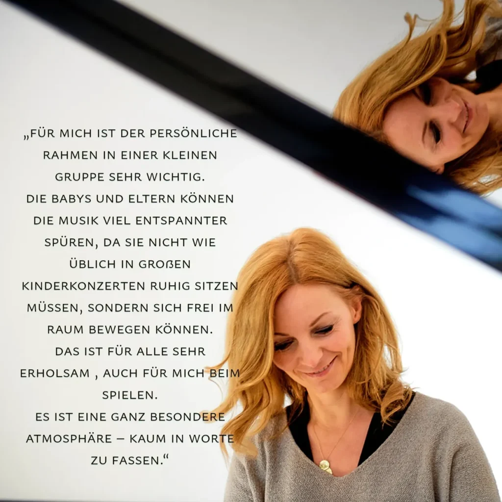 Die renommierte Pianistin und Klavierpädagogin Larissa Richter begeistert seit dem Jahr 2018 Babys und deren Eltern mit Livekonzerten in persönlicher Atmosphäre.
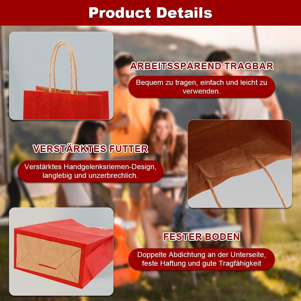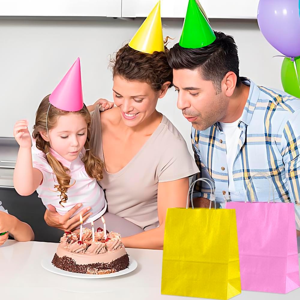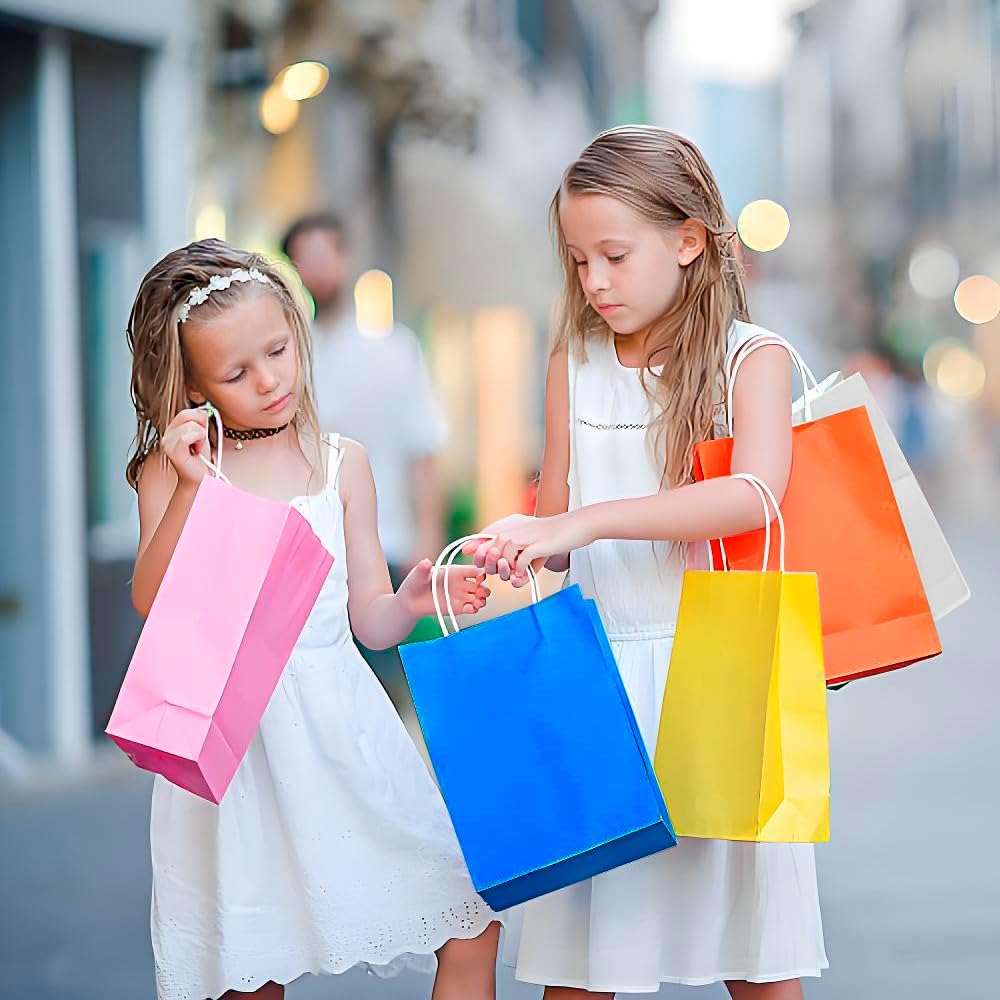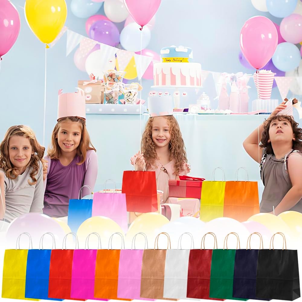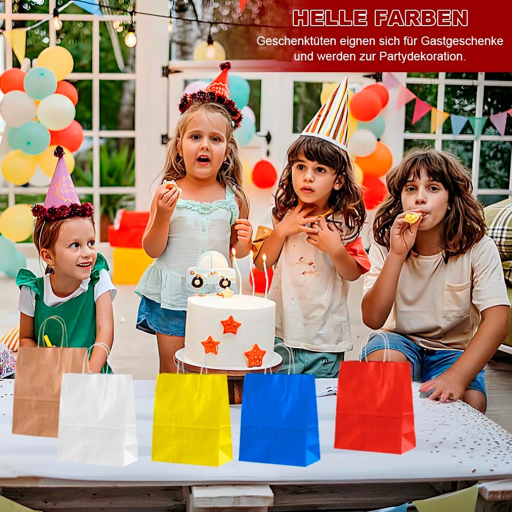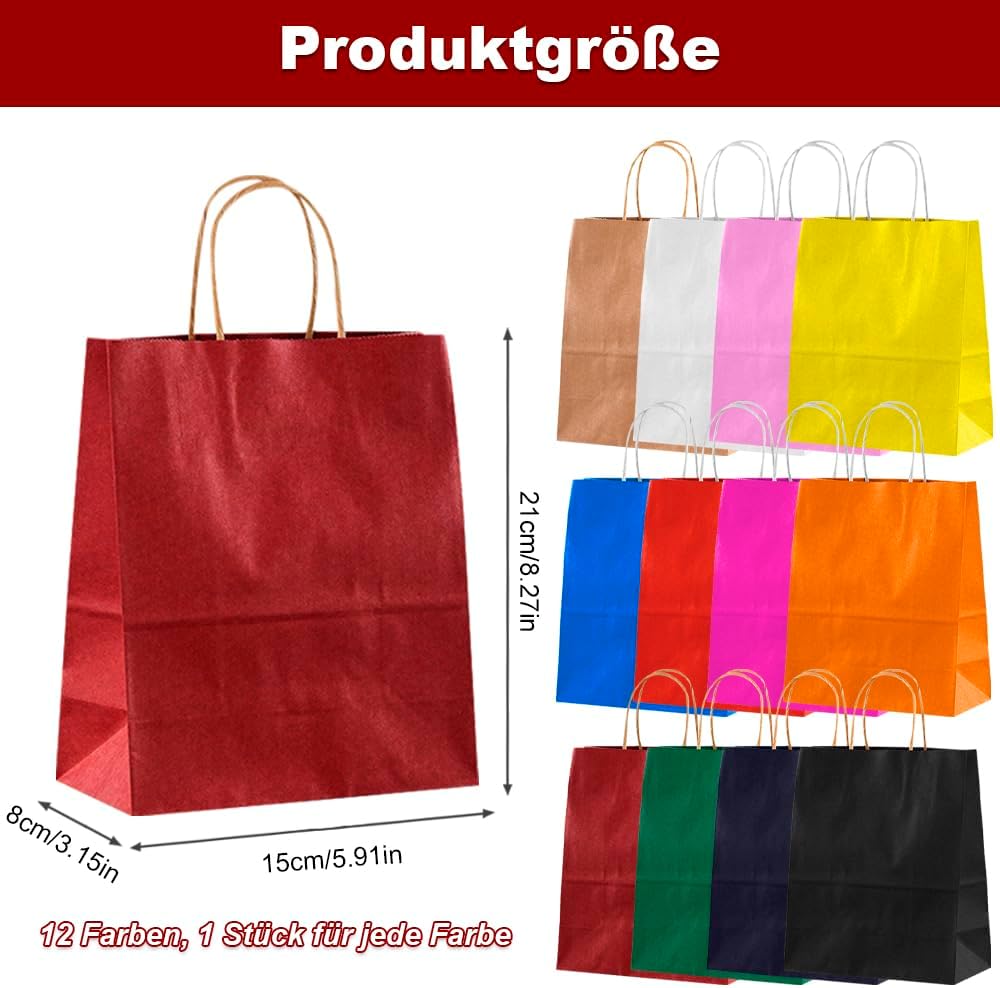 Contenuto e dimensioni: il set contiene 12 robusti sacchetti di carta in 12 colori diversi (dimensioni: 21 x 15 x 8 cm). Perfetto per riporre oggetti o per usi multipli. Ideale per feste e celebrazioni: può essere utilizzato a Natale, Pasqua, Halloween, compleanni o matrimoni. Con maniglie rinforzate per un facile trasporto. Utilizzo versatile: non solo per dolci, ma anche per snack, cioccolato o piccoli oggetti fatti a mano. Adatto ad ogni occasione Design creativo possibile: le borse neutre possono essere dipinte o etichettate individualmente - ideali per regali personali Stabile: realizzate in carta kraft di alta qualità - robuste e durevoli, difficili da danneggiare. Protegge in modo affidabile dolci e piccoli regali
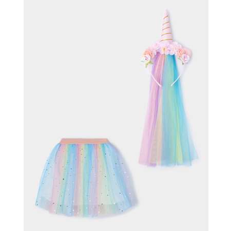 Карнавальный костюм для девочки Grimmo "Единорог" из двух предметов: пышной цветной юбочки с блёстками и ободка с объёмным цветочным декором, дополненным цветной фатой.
....
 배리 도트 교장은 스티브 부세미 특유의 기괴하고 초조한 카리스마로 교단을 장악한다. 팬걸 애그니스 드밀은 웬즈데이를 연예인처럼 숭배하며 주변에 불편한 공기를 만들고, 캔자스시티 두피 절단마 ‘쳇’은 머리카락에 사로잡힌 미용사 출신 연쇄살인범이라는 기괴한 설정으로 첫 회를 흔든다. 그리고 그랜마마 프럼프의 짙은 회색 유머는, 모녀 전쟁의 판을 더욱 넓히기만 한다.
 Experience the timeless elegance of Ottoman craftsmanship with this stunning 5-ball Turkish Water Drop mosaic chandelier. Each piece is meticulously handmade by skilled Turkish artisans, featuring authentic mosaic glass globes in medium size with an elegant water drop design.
....
With pictures omitted, repeat the entries above word for word from the line holding "Die renommierte Pianistin" down to the line holding "Карнавальный костюм для", keeping both of those lines.

 Die renommierte Pianistin und Klavierpädagogin Larissa Richter begeistert seit dem Jahr 2018 Babys und deren Eltern mit Livekonzerten in persönlicher Atmosphäre.
 Contenuto e dimensioni: il set contiene 12 robusti sacchetti di carta in 12 colori diversi (dimensioni: 21 x 15 x 8 cm). Perfetto per riporre oggetti o per usi multipli. Ideale per feste e celebrazioni: può essere utilizzato a Natale, Pasqua, Halloween, compleanni o matrimoni. Con maniglie rinforzate per un facile trasporto. Utilizzo versatile: non solo per dolci, ma anche per snack, cioccolato o piccoli oggetti fatti a mano. Adatto ad ogni occasione Design creativo possibile: le borse neutre possono essere dipinte o etichettate individualmente - ideali per regali personali Stabile: realizzate in carta kraft di alta qualità - robuste e durevoli, difficili da danneggiare. Protegge in modo affidabile dolci e piccoli regali
 Карнавальный костюм для девочки Grimmo "Единорог" из двух предметов: пышной цветной юбочки с блёстками и ободка с объёмным цветочным декором, дополненным цветной фатой.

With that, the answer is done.